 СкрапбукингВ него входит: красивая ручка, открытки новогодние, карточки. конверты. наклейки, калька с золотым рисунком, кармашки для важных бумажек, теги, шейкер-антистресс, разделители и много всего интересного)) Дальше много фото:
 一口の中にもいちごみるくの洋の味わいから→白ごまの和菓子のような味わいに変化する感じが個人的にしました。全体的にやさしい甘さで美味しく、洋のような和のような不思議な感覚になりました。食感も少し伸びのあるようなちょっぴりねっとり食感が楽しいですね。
■ ■ ■ ■
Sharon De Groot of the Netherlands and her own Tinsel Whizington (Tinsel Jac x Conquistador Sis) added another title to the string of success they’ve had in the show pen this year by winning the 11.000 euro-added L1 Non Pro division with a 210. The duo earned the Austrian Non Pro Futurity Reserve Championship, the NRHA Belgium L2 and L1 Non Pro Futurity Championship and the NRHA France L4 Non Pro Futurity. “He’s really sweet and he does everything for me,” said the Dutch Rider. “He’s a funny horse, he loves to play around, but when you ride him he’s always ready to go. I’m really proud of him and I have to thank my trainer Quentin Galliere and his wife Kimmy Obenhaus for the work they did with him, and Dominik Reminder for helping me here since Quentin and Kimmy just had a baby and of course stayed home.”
■ ■ ■ ■
* _Work task_:
Give back exactly the lines above starting at the line where "СкрапбукингВ него входит: красивая" appears and ending at the line where "一口の中にもいちごみるくの洋" appears, both included, with no other lines.

* _Response_:
 СкрапбукингВ него входит: красивая ручка, открытки новогодние, карточки. конверты. наклейки, калька с золотым рисунком, кармашки для важных бумажек, теги, шейкер-антистресс, разделители и много всего интересного)) Дальше много фото:
 一口の中にもいちごみるくの洋の味わいから→白ごまの和菓子のような味わいに変化する感じが個人的にしました。全体的にやさしい甘さで美味しく、洋のような和のような不思議な感覚になりました。食感も少し伸びのあるようなちょっぴりねっとり食感が楽しいですね。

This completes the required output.